The Pease limitation on certain itemized deductions has been restored for certain taxpayers with adjusted gross income (“AGI”) over $250,000 ($300,000 for MFJ).

  • The limitation reduces total deductible state taxes, property taxes, mortgage interest, charitable donations, and 2% miscellaneous expenses by 3% of the amount by which your AGI exceeds the threshold.
  • It does not apply to medical expenses, investment interest, and casualty or theft losses.
  • The Pease limitation does not apply to taxpayers in AMT, so the deductions allowed for AMT purposes (mortgage interest and charitable donations) are not limited.
Personal Exemption Phase-out

The personal exemption phase-out (“PEP”) has also been restored for taxpayers with adjusted gross income (“AGI”) over $250,000 ($300,000 for MFJ).

IRA Transfers to Charities

The 2012 Act renewed the ability of individuals age 70 1/2 or older to directly transfer up to $100,000 per year, tax-free, from an IRA to a qualified charity.

  • The provision applies retroactively from January 1, 2012 through December 31, 2013.
  • Such distributions are excluded from gross income and do not qualify for a charitable deduction (and are thus not subject to the charitable contribution percentage limits).
401(k) to Roth 401(k) Conversions
  • The new legislation allows you to convert any portion of your employer-sponsored 401(k) plan to a Roth account under the plan (an “in-plan Roth conversion”), provided your plan offers a designated Roth account and also permits the in-plan conversion.

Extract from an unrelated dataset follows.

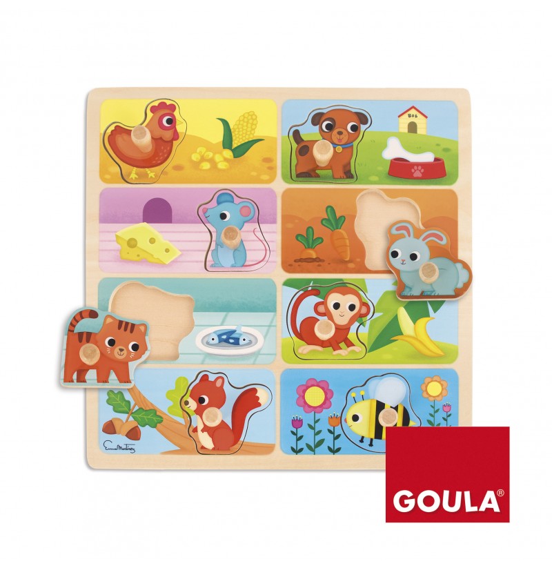Goula nuppipalapeli "Eläinten herkut" on kahdeksan osainen palapeli, jossa eläimet seikkailevat ja katselevat heidän herkkupalojaan. Palapeli on puinen ja siinä on tukevat nupit sekä palaset, jotta pienen on helppo käsitellä niitä.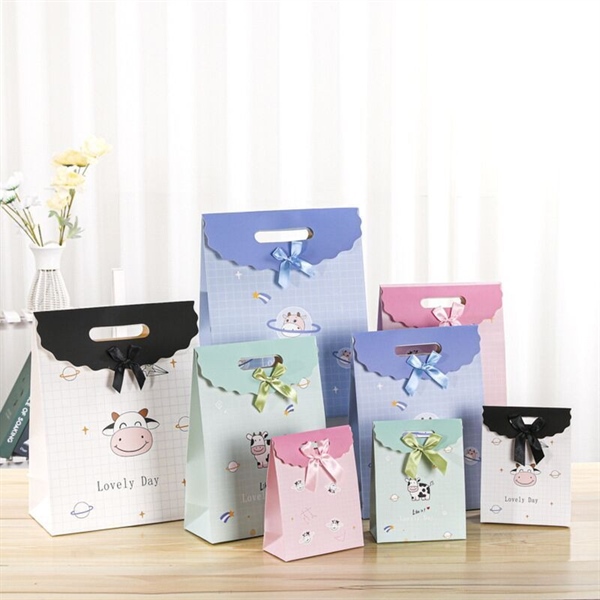 Túi giấy đựng quà giấy đẹp có nắp kèm nơ nhiều hoạ tiết đẹp size 16,5x21x8cm

Employer-sponsored plans are not required by law to offer such features, so if you are interested in doing an in-plan Roth conversion, please check with your employer regarding the terms of your plan.
  • Prior to the 2012 Tax Act, only participants who were eligible for a distribution under the plan (either because they had reached age 59 1/2 or had separated from service) could make such conversions.
  • Before you do an in-plan Roth conversion, please consider the following:
    • An in-plan Roth conversion will result in taxable income equal to the amount you convert. Make sure you have available funds outside of the plan to pay any taxes due.
    • The tax-free distribution of earnings is only available if the designated Roth account (or “Roth 401(k)”) has been in existence for at least five years and you are at least age 59 1/2 at the time of the distribution.
    • Unlike Roth IRAs, you are generally required to take minimum distributions from Roth 401(k) accounts once you reach age 70 1/2. However, the amounts in a designated Roth account can be rolled over to a Roth IRA.
    • An in-plan Roth conversion cannot be undone. This is a notable difference from the IRA conversions to a Roth IRA, which can be undone by the due date of the tax return for the year of the conversion.
Other Notable Extended Provisions for Individuals
  • Permanent extension of the AMT “patch”, which increases the AMT exemption each year to provide relief to millions of taxpayers
  • Exclusion of 100% of the eligible gain on disposition of qualified small business stock (QSBS) acquired after September 27, 2010 and before January 1, 2014, and held for more than five years (California has recently decided that its QSBS exclusion is invalid and thus no longer conforms.)
  • Exclusion from income on the discharge of up to $2 million of debt on a qualified principal residence
  • Credit for energy-saving improvements made by individuals to their principal residence, with a maximum lifetime credit of $500
Depreciation Provisions for Businesses
  • The enhanced Section 179 deduction, available for both new and used assets, has been extended. The maximum deduction remains at $500,000 and begins to phase out when total assets placed in service during the year exceeds $2 million.
  • 50% bonus depreciation, available only on new assets, has also been extended.
Estate, Gift, and GST Taxes
  • The maximum tax rate, which was scheduled to increase to 55% in 2013, has been set at 40% for taxable gifts made on or after January 1, 2013.
  • The lifetime exclusion for estate and gift taxes, which was scheduled to revert to $1 million, remains at $5 million, indexed annually for inflation.
  • The ability to transfer the unused portion of a decedent’s lifetime exclusion to the surviving spouse has been extended permanently.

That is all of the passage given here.